Перед тем как заявиться в губрозыск, Бабин всегда высматривал, там ли старый Спиридон. Если тот сидел внизу, на обычном своем месте, бродяга уходил и прятался где-нибудь за углом, а как только старик покидал учреждение, врывался туда и принимался бушевать.

— Что есть человек?! — орал он. — Гиероглиф!

А когда его начинали утихомиривать, пел, принимая позы распинаемого мученика, песни духовного содержания, чаще всего «В бездне греховней валяяся, неисследную милосердия призываю бездну…»

Слушая доносящиеся до кабинета возню и ворчание, Кашин тосковал. Его уже не радовало, как еще недавно, воцарение внизу Бабина, которое означало раньше некую отраду: что уплелся наконец этот постоянно надрывающий душу Семена старик Вохмин… Дело об убийстве его жены, висящее на Семене, двигалось, двигалось с большим скрипом да понемногу и совсем притихло. Выбраны, перебраны были не по разу все свидетели, все возможные улики, и теперь совсем не за что было зацепиться. Войнарский не торопил его: выслушивал, давал советы, но, как в последнее время начал понимать Кашин, сам в раскрытие преступления не очень-то верил. Для агента наступила какая-то странная пора полудействий-полубездействия, тягостная в первую очередь потому, что теперь аппарат губрозыска работал в полную свою мощь и силу, люди валились с ног, сутками не отдыхая: заканчивалась ликвидация Черкизовой банда. И вот в этой-то работе, в выполнении которой он считал себя главным лицом, Кашин как-то сразу оказался не у дел. Другие бегали, стреляли, разрабатывали хитроумные оперативные комбинации, а он все копошился с делом, которое, похоже, все равно придется сдавать в архив нераскрытым. Он-то думал, что после того, как его стараниями угрозыск начал одну из самых блестящих своих операций, взметнется новый виток его жизни, яркий и опасный, тернистый и героический, и там, на этом витке, он будет уже царить в ином обличии: в некоем сияющем ореоле бесстрашного и мудрого оперативника, почти легенды, каким был в свое время Миша Баталов.

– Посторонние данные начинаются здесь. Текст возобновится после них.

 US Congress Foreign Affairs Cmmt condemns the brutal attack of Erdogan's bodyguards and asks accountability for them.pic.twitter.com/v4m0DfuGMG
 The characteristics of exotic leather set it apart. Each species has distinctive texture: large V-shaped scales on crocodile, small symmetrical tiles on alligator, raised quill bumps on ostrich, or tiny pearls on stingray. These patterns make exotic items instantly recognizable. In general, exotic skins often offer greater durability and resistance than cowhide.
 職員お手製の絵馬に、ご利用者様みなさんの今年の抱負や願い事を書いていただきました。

Он даже замыслил обмен новеньких хромовых сапог на старую, давно потерявшую свой вид и блеск кожаную тужурочку. У Баталова такой тужурки никогда не было, но ведь Семен считал, и не без оснований, что в бою, проигранном самим Мишей, он вышел победителем и теперь имеет право на почести, по крайней мере равные тем, какие некогда воздавались Баталову.

Формально так и выходило: чествовали, хвалили, наградили, благодарность в приказе… А по сути все осталось по-старому. Больше того — стало хуже, чем раньше. Дело не в ребятах — он на них хоть и обижался поначалу за то, что их отношение к нему ничуть не стало более уважительным, но, в конце концов, это можно было пережить. Войнарский — вот кто стал главной загадкой! Нет, он по-прежнему был с агентом ровен и приветлив, к месту упоминал о его заслуге, но, тем не менее, от-дальнейшего участия в ликвидации Черкизовой банды отстранил и серьезных дел больше не поручал.

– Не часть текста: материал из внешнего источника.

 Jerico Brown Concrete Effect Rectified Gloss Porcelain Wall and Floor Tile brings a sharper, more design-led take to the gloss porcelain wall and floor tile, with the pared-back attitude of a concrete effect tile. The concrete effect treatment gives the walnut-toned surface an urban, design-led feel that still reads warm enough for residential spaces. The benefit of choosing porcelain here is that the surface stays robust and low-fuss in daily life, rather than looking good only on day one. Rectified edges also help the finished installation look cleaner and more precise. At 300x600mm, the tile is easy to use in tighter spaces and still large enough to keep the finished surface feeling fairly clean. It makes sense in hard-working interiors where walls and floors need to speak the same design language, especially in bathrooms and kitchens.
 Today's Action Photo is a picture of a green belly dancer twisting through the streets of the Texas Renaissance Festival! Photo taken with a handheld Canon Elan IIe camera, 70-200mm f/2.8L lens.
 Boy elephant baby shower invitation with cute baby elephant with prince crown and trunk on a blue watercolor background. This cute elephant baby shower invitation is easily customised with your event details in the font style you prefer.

За всем этим была теперь для Семена не жизнь, а сплошная серость и мука. Надьку надо собирать в школу — на это уплыл уже пиджак от дареного костюма, да вдобавок придется опять нести часы в ломбард, к хитрому оценщику… Симочка Караваева, к которой он после разговора со Степкой заходил подряд три вечера, надеясь все-таки на лучшее, наотрез отказалась выйти с ним на улицу, ссылаясь на дождь, и вообще всячески намекала на позднее, неподходящее для визитов к порядочной девушке время. Невольно вспоминались куплеты прелестной Абрикотины, которые Кашин, страдая, повторял про себя:

Боже мой! Что за срам!

Меня бьют по щекам!

И за что я страдаю всечасно?

О, мой бог! Неужли

Мне терпеть, чтоб могли

Все меня обижать так напрасно!..

«О Карабосса!» — вздыхал он.

Все заблуждались, все страдали — о себе, друг о друге, каждый занимался своим делом, большим или маленьким, но никто, а тем более сам Кашин, не подозревал, что именно он стоит сейчас ближе всех к разгадке вопроса, занимающего массу людей в городе — от секретаря губкома, начальника ОГПУ, Войнарского до любого рядового сотрудника. Ибо что был Черкиз, по сути обыкновенный бандит и убийца, по сравнению со зловещей тенью, стоящей за его плечами? Называлась тень: Лунь.

Загрузка...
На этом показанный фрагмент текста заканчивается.